The LlamaIndex docs put it well: "One way around this problem is to frequently use human-in-the-loop: while this is a high-success strategy (most people can recognize dangerous actions and block them before they happen), it breaks the autonomy that a coding agent should provide. [...] The second way around this is, counterintuitively, to ban the agent from accessing your actual file system, and make it work in a virtualized copy."

Not everyone is convinced that filesystem virtualisation is the right thing to do: for example is it better for an agent to make 'working copies' at the service level?

What is clear, however, is that agents enable long-term success when they are able to read and write plans and documentation.

Note: I also really liked Simon Willison's "mise en place" metaphor for ensuring that an agent is sufficiently prepared for its task (e.g. plan developed, success metrics set, guardrails in place).

The best systems compound over time¶

Much of the recent attention spent on optimising agentic harnesses has been on making them "become more ideal for you and the task you are pursuing" (over time). The Every blog (somewhat pretentiously) claims that delivery difficulty consistently increases during a traditional software engineering project because of insufficient focus on "compound engineering" i.e. "helping the whole system learn from successes and failures"; and the same dynamic regularly occurs in/after consulting projects where there is never enough time for rigorous retrospectives and codification of reusable assets (templates, processes, automation, etc). So it makes a lot of sense that we want our systems to automatically "learn". In other words, "the future of (coding) agents is memory". The aforementioned Hugging Face Skills demonstrate an example of this where "everything gets captured. Everything compounds".
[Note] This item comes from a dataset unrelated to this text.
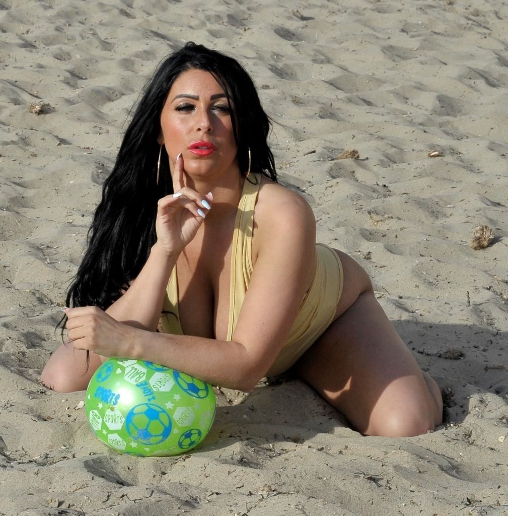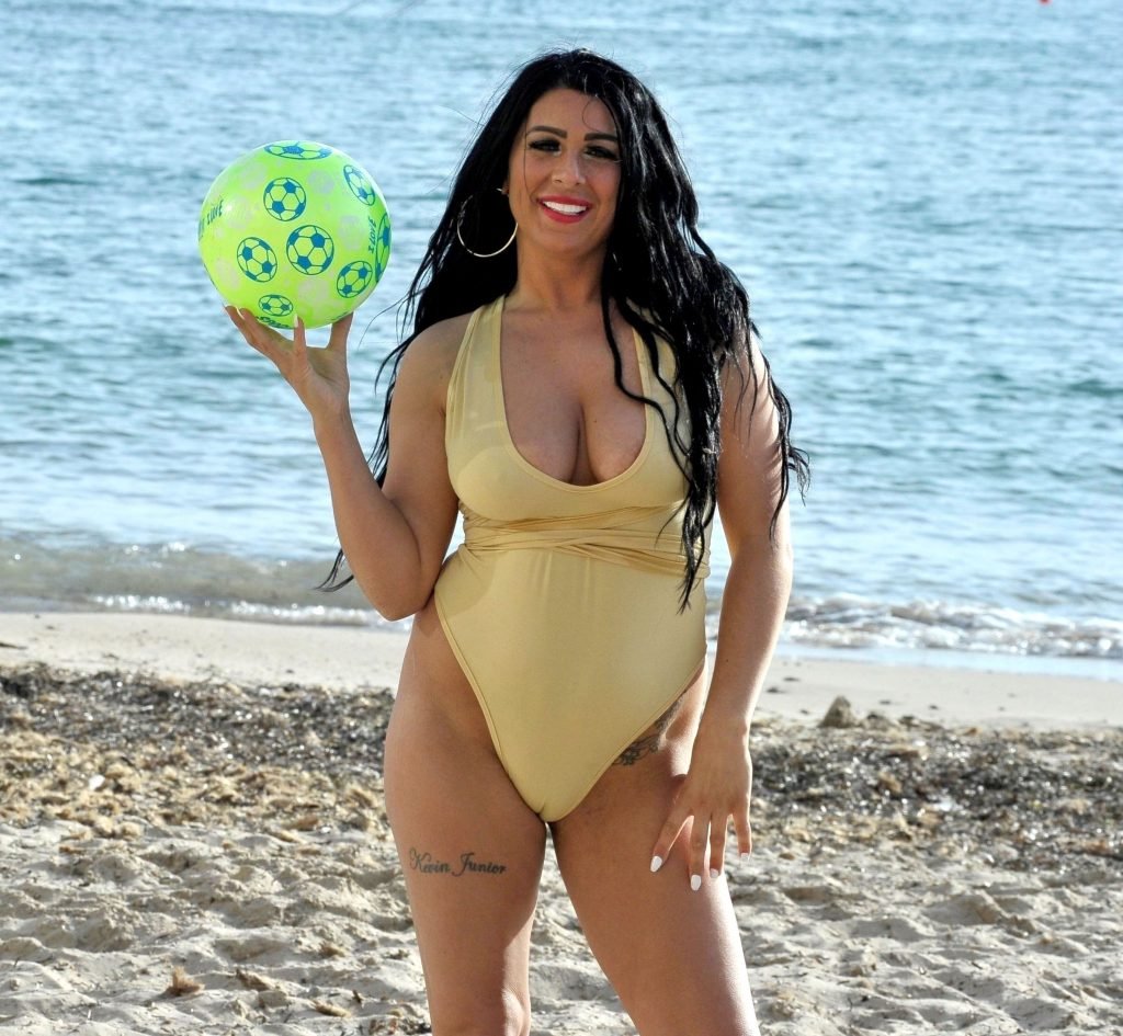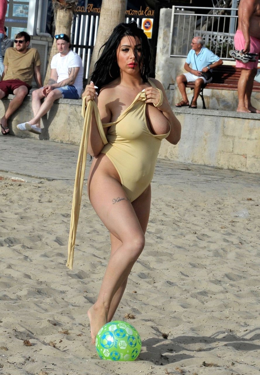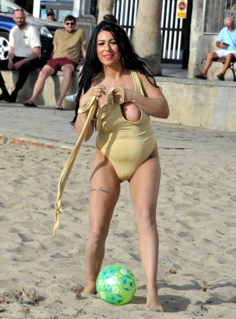 Big Brother estrela, a morena Simone Reed brinca com uma bola de futebol na praia exibindo um visual impressionante e voluptuoso durante uma escapada na Espanha, 17/05/2018.

Basic implementations of a memory system include an ever-growing folder of tutorials/notes about a given project (which can be viewed as a more project-specific flavour of generic Skills) or the regular distillation of user preferences from conversation logs (similar to what LLM chatbot providers do with their Memory functionalities).

But two other implementations of memory systems (in the sense of writing status updates and plans) have gone viral recently: beads and Agent Mail.

beads

Agents autonomously create and track their own issues/tickets using the bd framework
This mitigates the need for a human user to always be context engineering via writing and updating plans and lists; and means that agents can choose their own ordering of tasks
Interestingly, it's designed specifically as a framework for AI, not humans, to use - heralding a new paradigm of "UX for agents" (I particularly liked the bootstrap installer where you simply tell your agent to use the newly available bd command)
Humans may prefer to utilise beads viewers to explore the tickets (Simon Willison again)

Agent Mail

On particularly challenging problems, it's empirically useful to have a "swarm" of agents working together; a 'mail' system is where agents coordinate by sending messages to each other
It works well in combination with beads
It signals a continued trend towards multi-agent systems (although it seems that there are multiple patterns - fan-out, council, orchestrator-subagents - in contention)

So what?¶

AI agents are coming for all knowledge work. Skills and integrations are enabling the application of ostensibly coding agents (Claude Code etc) to business admin, communications, content creation, home automation tinkering and much more; and deep research agents are being adopted as "thinking partners". Certain aspects of knowledge work - design decisions, stakeholder alignment, etc - may be the harder unlock when compared with code generation, but they will not remain the exclusive domain of humans for long (in fact "managers have been vibe coding forever" i.e. as long as task execution happens, the human/managerial domains do not need to be perfect in order for a project to progress).

If we get the balance wrong, then knowledge workers may become the "reverse centaur" consigned to permanent human-in-the-loop review of AI-generated outputs. But in the meantime, understanding how to manage these alien abstractions is both useful and enjoyable.